Your output should be everything below from the line containing "BURBERRY LONDON ASYMMETRICAL" down to the line containing "Leather bracelet (ptsbua-004)", both ends included, copied exactly, with pictures left out.

Source material Block Start

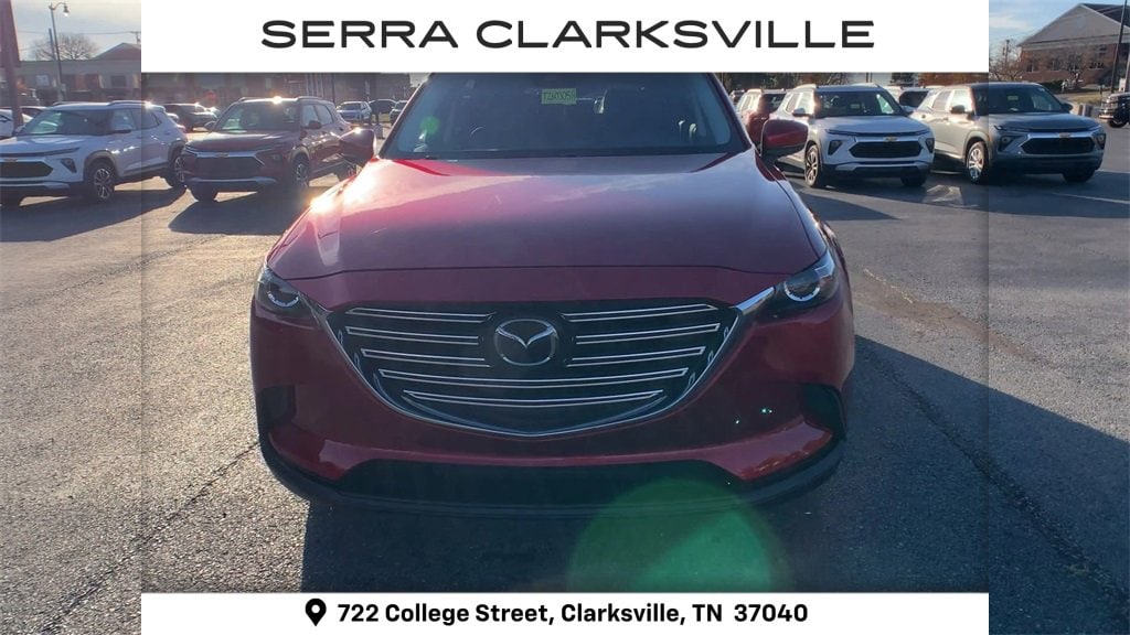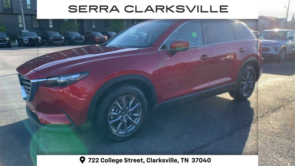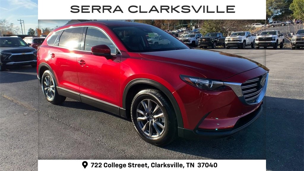 One-owner local new car trade-in! The Pre-Owned 2022 Mazda CX-9 Touring with 2.5L 4-Cylinder at Serra Clarksville. Well equipped: AWD, 3rd row seats: bench, 4-Wheel Disc Brakes, 4.411 Axle Ratio, 6 Speakers, ABS brakes, Air Conditioning, Alloy wheels, AM/FM radio, AppLink/Apple CarPlay and Android Auto, Auto High-beam Headlights, Auto-dimming Rear-View mirror, Automatic temperature control, Brake assist, Bumpers: body-color, Compass, Delay-off headlights, Driver door bin, Driver vanity mirror, Dual front impact airbags, Dual front side impact airbags, E911 Automatic Emergency Notification, Electronic Stability Control, Emergency communication system: MAZDA CONNECT, Exterior Parking Camera Rear, Four wheel independent suspension, Front anti-roll bar, Front Bucket Seats, Front Center Armrest, Front dual zone A/C, Front reading lights, Fully automatic headlights, Garage door transmitter: HomeLink, Heated door mirrors, Heated Front Bucket Seats, Heated front seats, Illuminated entry, Infotainment System Voice Command, Leather Seat Trim, Leather Shift Knob, Leather steering wheel, Low tire pressure warning, Mazda Connected Services, Occupant sensing airbag, Outside temperature display, Overhead airbag, Overhead console, Pandora Internet Radio Integration, Panic alarm, Passenger door bin, Passenger vanity mirror, Power door mirrors, Power driver seat, Power Liftgate, Power passenger seat, Power steering, Power windows, Radio Broadcast Data System Program Information, Radio data system, Radio: AM/FM Sound System, Rain sensing wipers, Rear air conditioning, Rear anti-roll bar, Rear reading lights, Rear seat center armrest, Rear window defroster, Rear window wiper, Remote keyless entry, SMS Text Msg Audio Delivery & Reply, Soul Red Crystal Metallic Paint, Speed control, Speed-sensing steering, Split folding rear seat, Spoiler, Steering wheel mounted audio controls, Tachometer, Telescoping steering wheel, Tilt steering wheel, Traction control, Trip computer, Turn signal indicator mirrors, Variably intermittent wipers, and Wheels: 18 x 8J Aluminum Alloy.
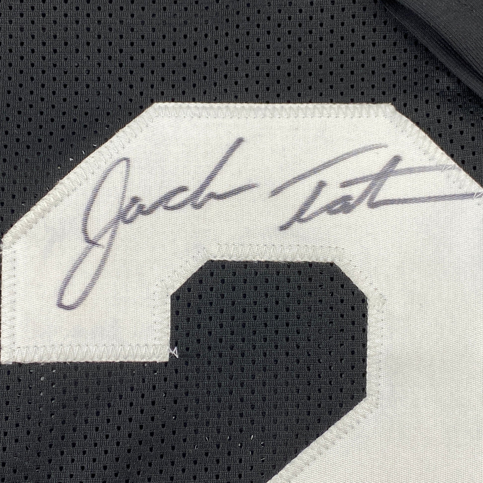 Jersey has no brand names or logos. This is a custom jersey and was not manufactured by or in any manner associated with any professional sports league or manufacturer. This custom jersey carries no professional sports league designation. The item is intended to be an autographed collectible. The custom jersey displays the name and number of the player. This item in no way is affiliated with or connected to any professional sports organization. Size is XL.
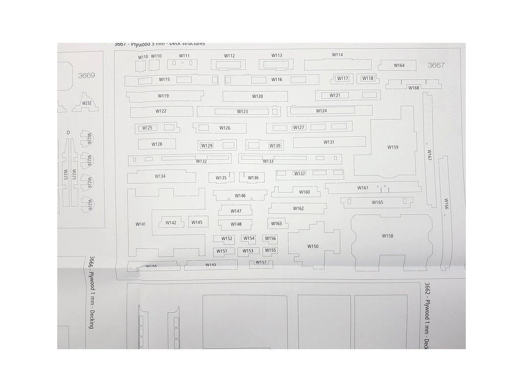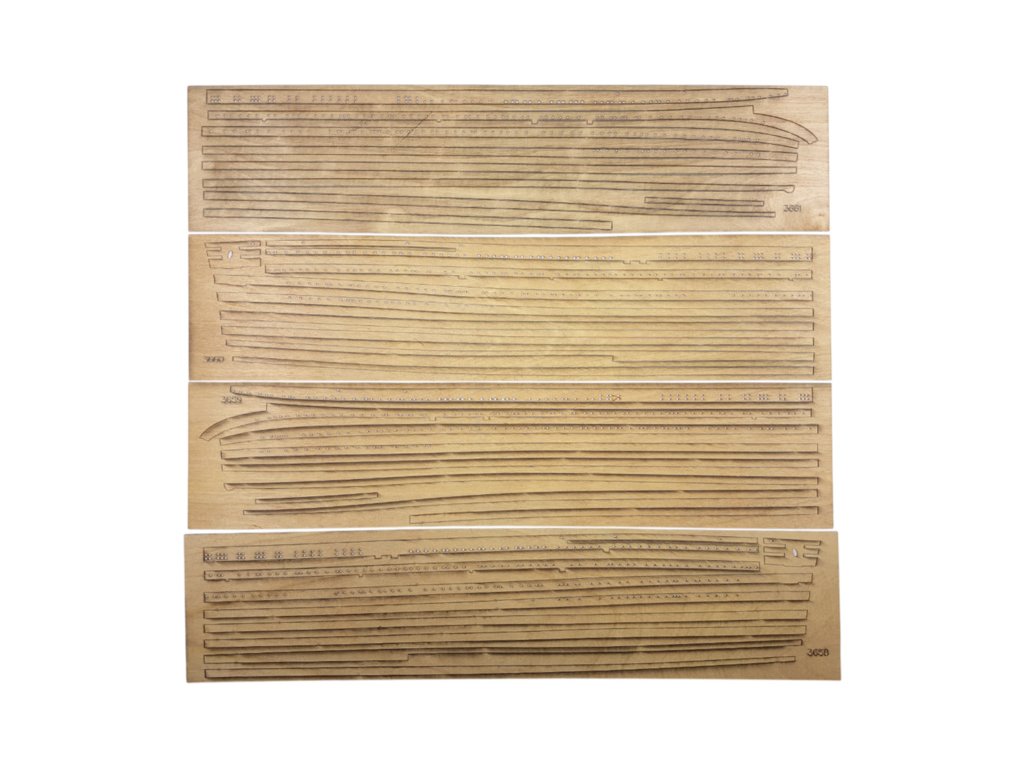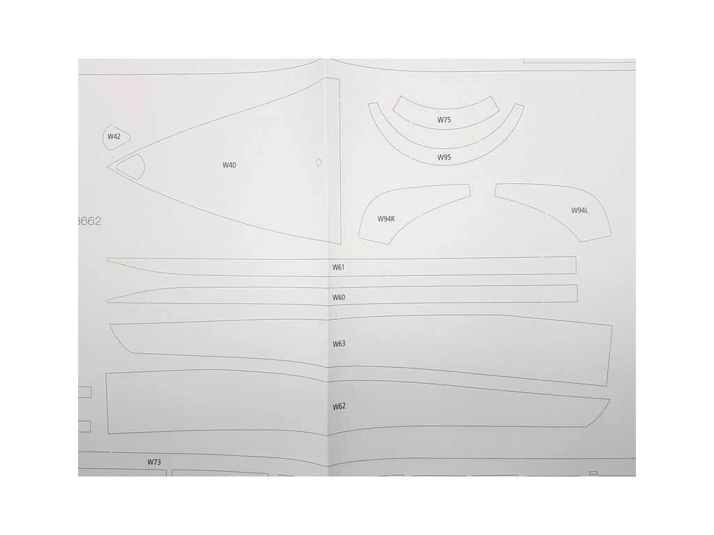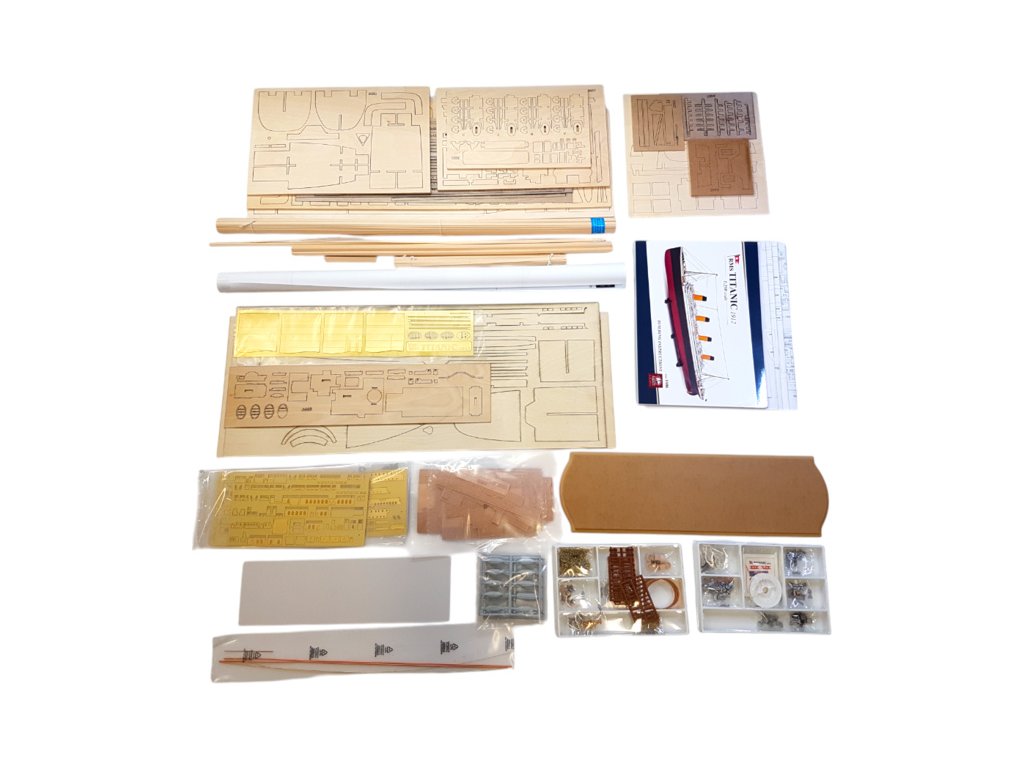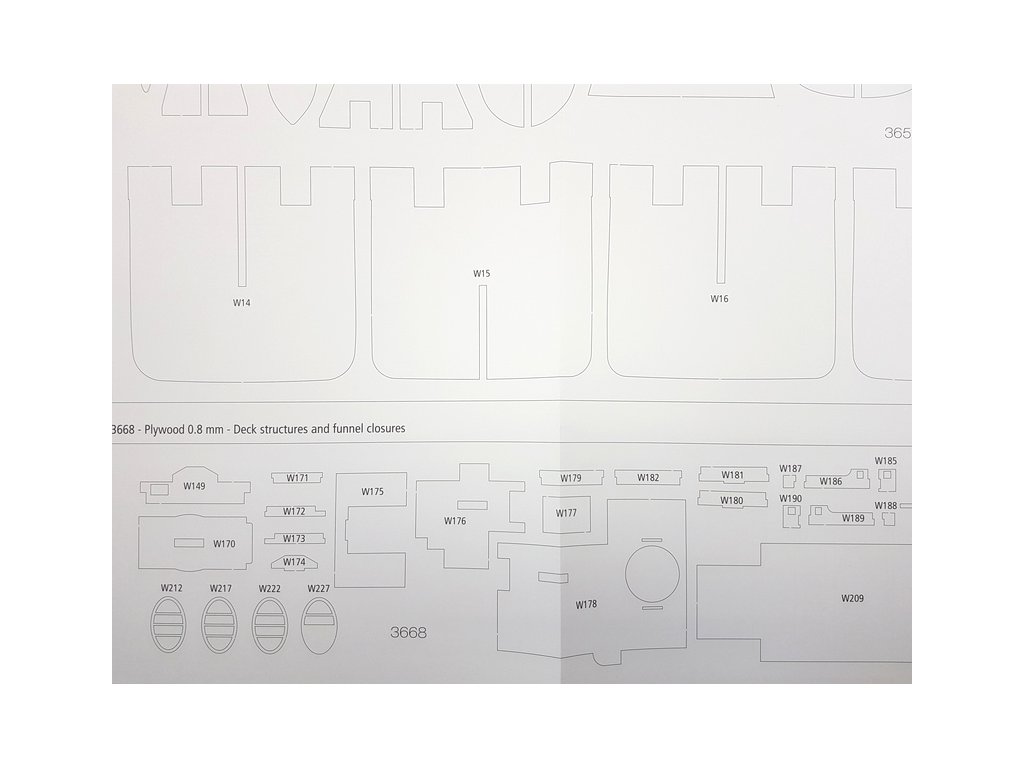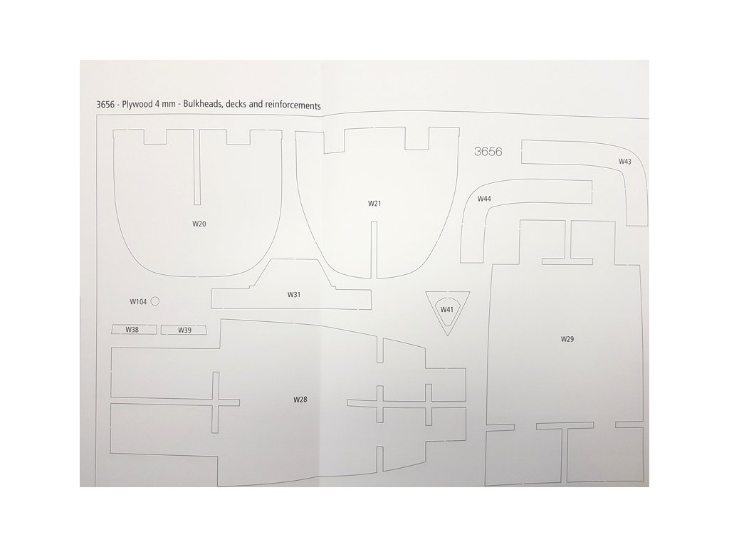 Po otevření víka krabice naleznete dřevěné díly modelu z překližky, sadu lišt, fotoleptané díly, drobné součásti uzavřené v plastovém průhledném blistru, sadu výkresů a manuál.
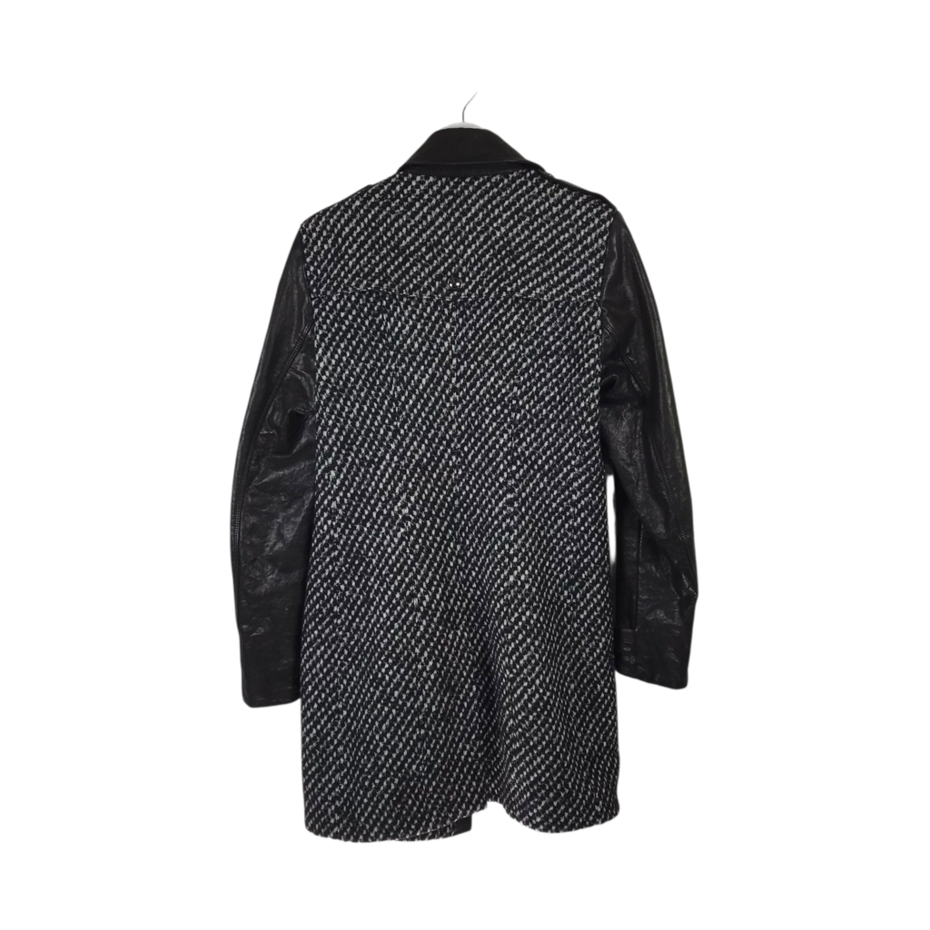 BURBERRY LONDON ASYMMETRICAL WOOL COAT WITH LEATHER TRIMS LUXE COAT BLACK WHITE 10
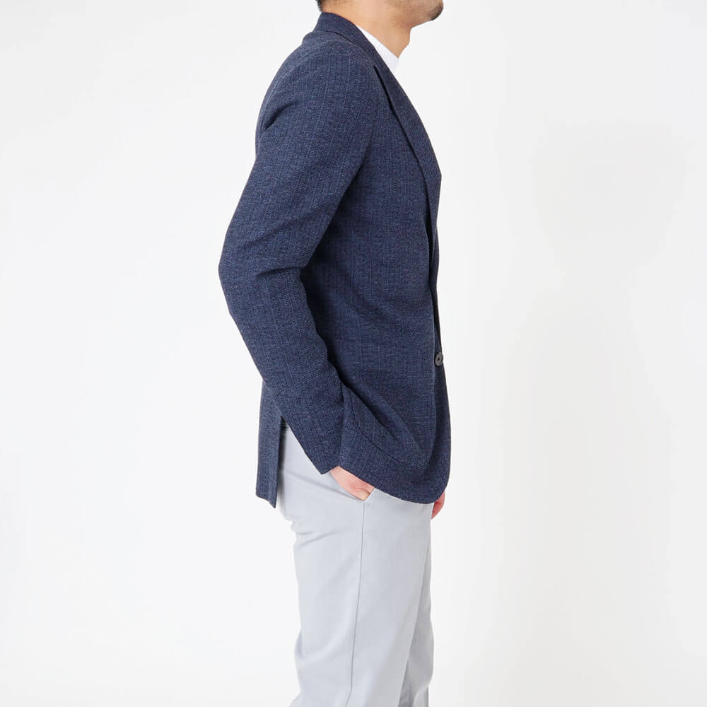・ニットの裏面に伸縮性を備えたメンブレン(薄い膜状の層)を貼ることで、柔らかなニットでもテーラードジャケットと同じような見え方に仕上がるのです。
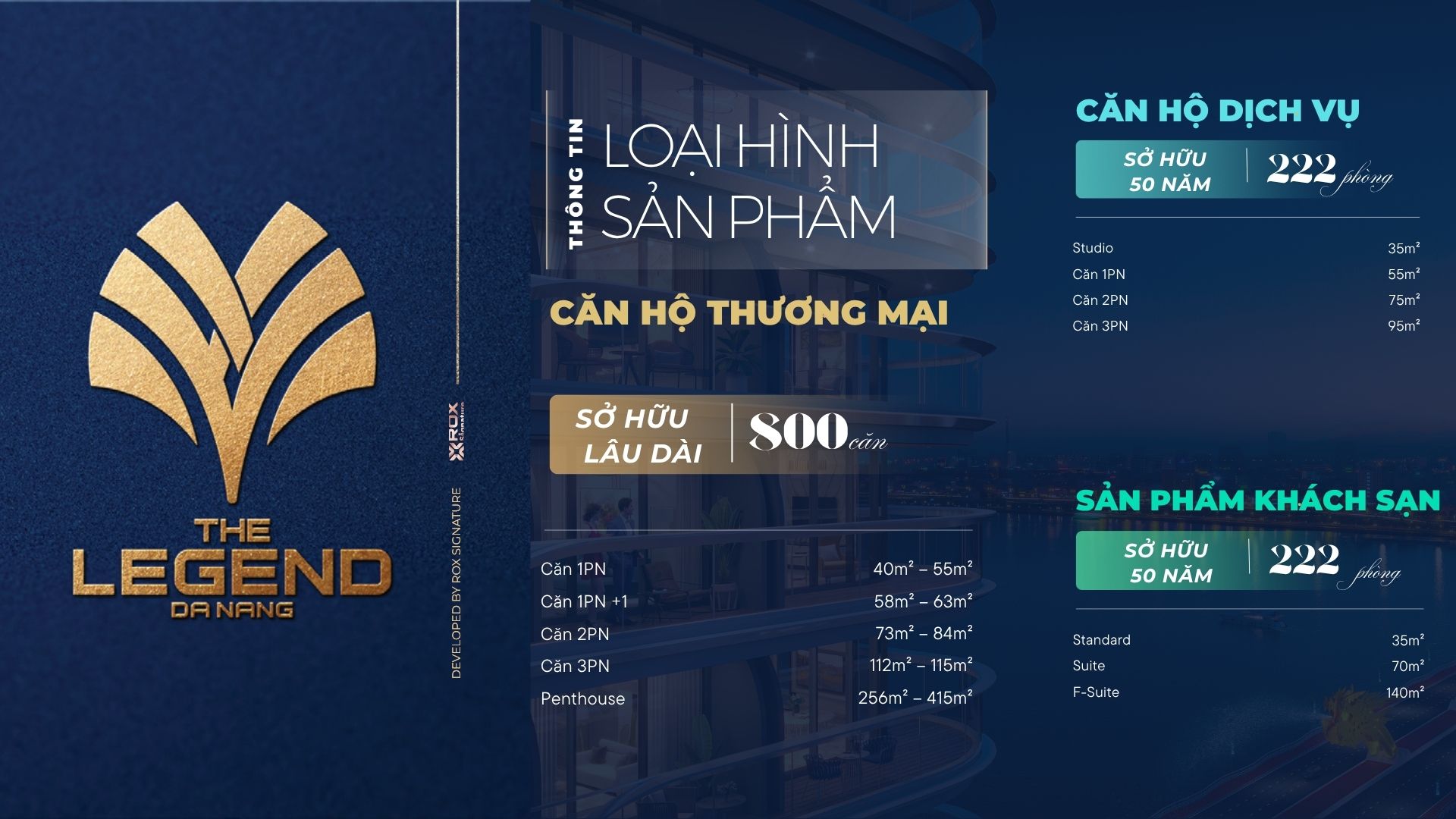 The Legend Danang không chỉ là nơi để ở, mà là một tuyên ngôn sống dành cho những ai yêu sự đẳng cấp, tinh tế và tiện nghi. Với triết lý phát triển “Sáng tạo – Thanh lịch – Thân thiện – Tiện nghi”, từng đường nét kiến trúc đều được chăm chút để tôn vinh gu thẩm mỹ và phong cách sống của chủ nhân.
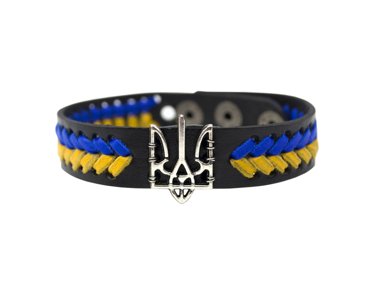 Leather bracelet (ptsbua-004) yellow and blue with the Trident
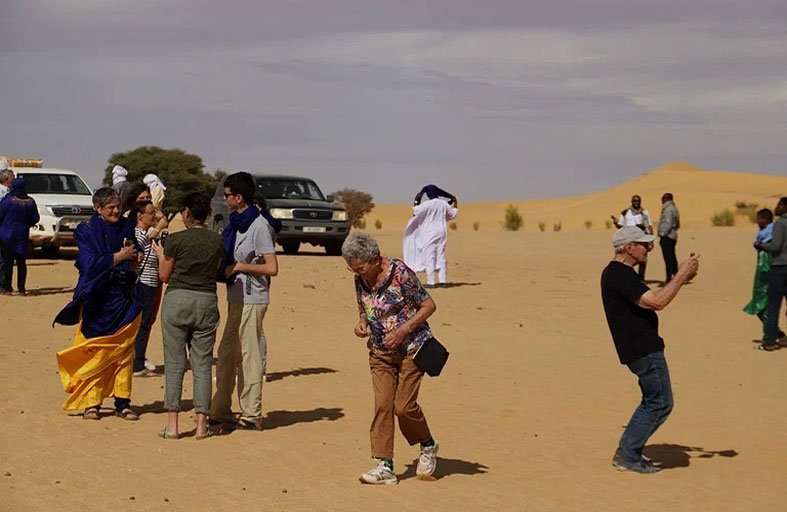تقدّم أطباق اللحم المشوي فيما تتردّد أصداء آلات الغيتار الكهربائيّة بين الكثبان الرمليّة الزهريّة، ثاني أعلى كثبان في منطقة الصحراء كما يؤكد السكان المحليون. يقول الموسيقيّ عمارة مختار المعروف باسم بامبينو “وكأنّنا نعزف في ديارنا”، موضحا أن الصحراء هي”المكان الذي ولدنا فيه، والذي كبرنا فيه، تذكّرنا بجذورنا».
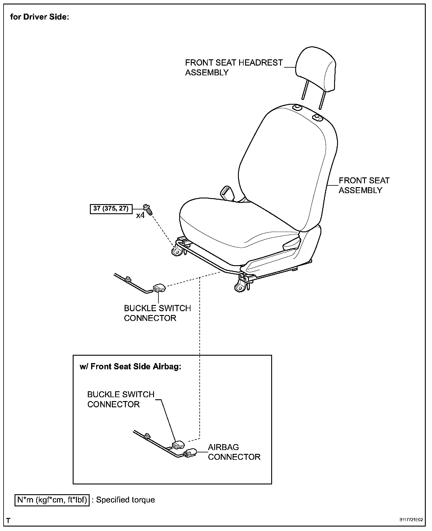 Torque: 37 N.m (375 kgf.cm, 27 ft.lbf)

Source material Block End

- [Solution for this problem]
 BURBERRY LONDON ASYMMETRICAL WOOL COAT WITH LEATHER TRIMS LUXE COAT BLACK WHITE 10
・ニットの裏面に伸縮性を備えたメンブレン(薄い膜状の層)を貼ることで、柔らかなニットでもテーラードジャケットと同じような見え方に仕上がるのです。
 The Legend Danang không chỉ là nơi để ở, mà là một tuyên ngôn sống dành cho những ai yêu sự đẳng cấp, tinh tế và tiện nghi. Với triết lý phát triển “Sáng tạo – Thanh lịch – Thân thiện – Tiện nghi”, từng đường nét kiến trúc đều được chăm chút để tôn vinh gu thẩm mỹ và phong cách sống của chủ nhân.
 Leather bracelet (ptsbua-004) yellow and blue with the Trident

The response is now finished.